- **Description of the task**
Beginning with the line that holds "Rozelle 3-Piece Leather" and finishing with the line that holds "Exclusive 3‑bedroom penthouse", repeat the listing exactly, leaving every picture out.

- **Supplied data**
──────────

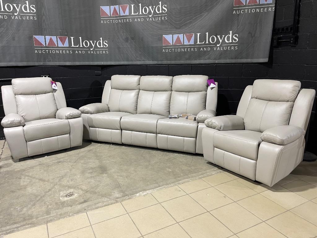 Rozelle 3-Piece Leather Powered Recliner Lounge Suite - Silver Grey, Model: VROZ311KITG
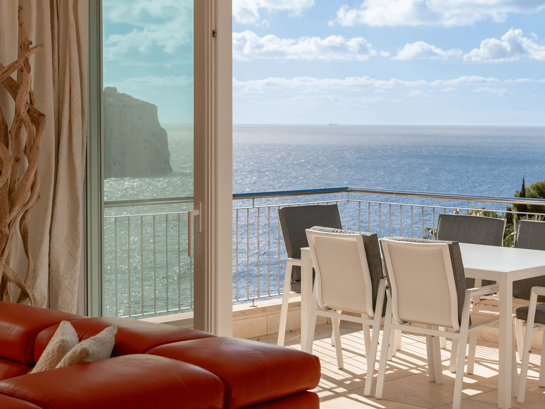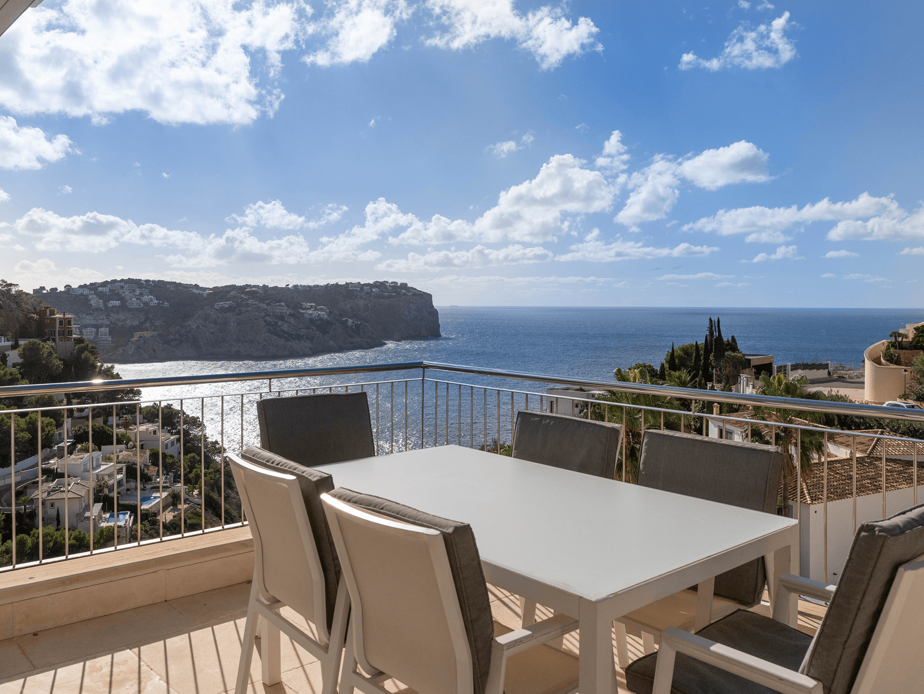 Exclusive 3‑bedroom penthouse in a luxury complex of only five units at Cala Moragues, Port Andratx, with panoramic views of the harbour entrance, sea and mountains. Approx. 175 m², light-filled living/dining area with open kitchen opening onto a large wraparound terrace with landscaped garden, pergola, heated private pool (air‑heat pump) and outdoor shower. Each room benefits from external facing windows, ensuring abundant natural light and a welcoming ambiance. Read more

──────────

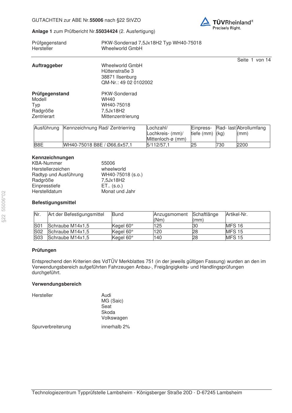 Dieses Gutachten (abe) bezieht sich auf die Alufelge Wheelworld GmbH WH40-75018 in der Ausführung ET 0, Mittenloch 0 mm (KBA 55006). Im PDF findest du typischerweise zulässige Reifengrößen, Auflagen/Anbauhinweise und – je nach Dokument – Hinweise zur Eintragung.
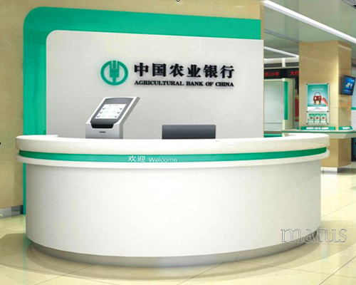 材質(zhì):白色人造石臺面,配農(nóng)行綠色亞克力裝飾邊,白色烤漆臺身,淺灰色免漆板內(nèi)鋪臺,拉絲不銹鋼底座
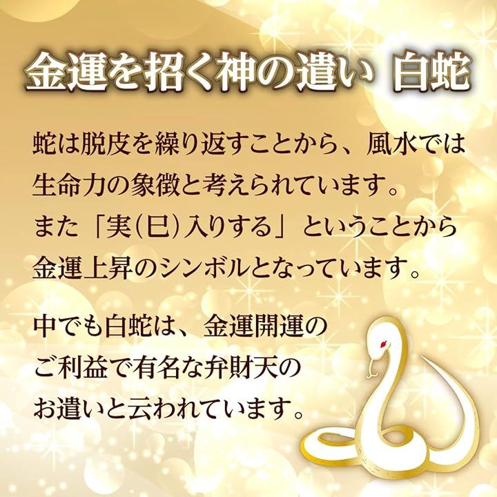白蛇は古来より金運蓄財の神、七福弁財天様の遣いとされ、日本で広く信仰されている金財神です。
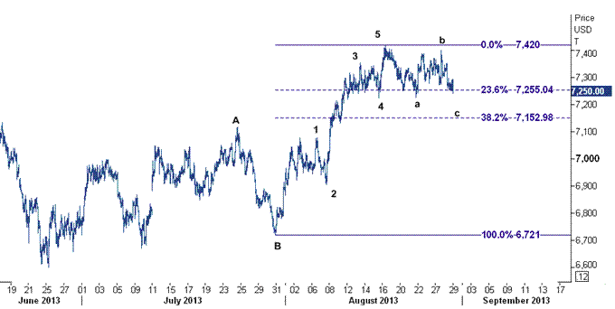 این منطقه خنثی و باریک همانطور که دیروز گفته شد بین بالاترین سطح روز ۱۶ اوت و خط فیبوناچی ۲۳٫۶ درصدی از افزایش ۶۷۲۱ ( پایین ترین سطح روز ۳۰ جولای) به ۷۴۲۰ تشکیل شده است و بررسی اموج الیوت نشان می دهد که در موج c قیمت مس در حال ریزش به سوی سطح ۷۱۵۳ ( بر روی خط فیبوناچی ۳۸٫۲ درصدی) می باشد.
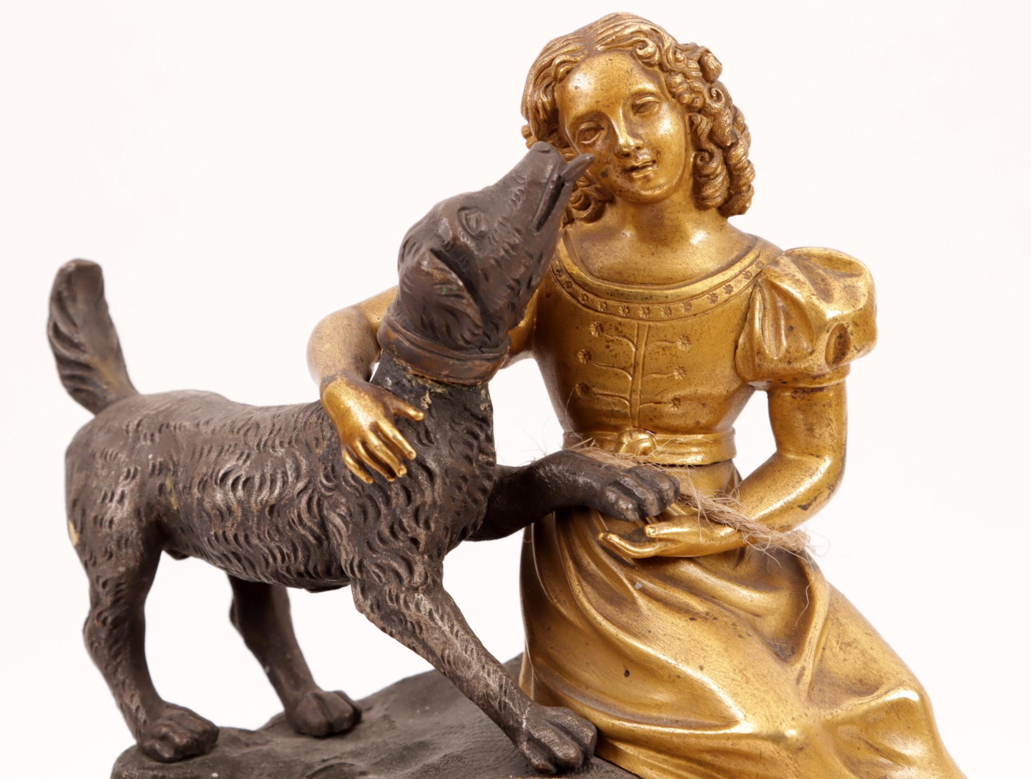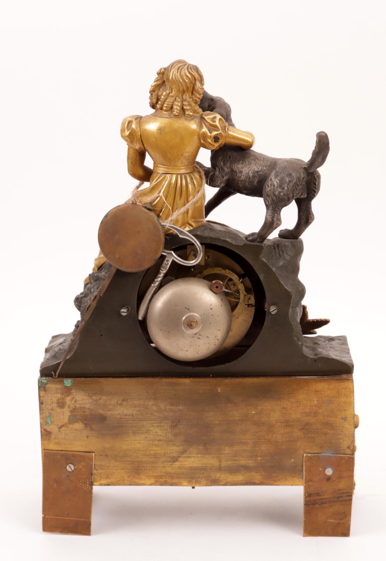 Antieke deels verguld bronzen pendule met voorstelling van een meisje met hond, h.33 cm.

──────────

- **Response**
 Rozelle 3-Piece Leather Powered Recliner Lounge Suite - Silver Grey, Model: VROZ311KITG
 Exclusive 3‑bedroom penthouse in a luxury complex of only five units at Cala Moragues, Port Andratx, with panoramic views of the harbour entrance, sea and mountains. Approx. 175 m², light-filled living/dining area with open kitchen opening onto a large wraparound terrace with landscaped garden, pergola, heated private pool (air‑heat pump) and outdoor shower. Each room benefits from external facing windows, ensuring abundant natural light and a welcoming ambiance. Read more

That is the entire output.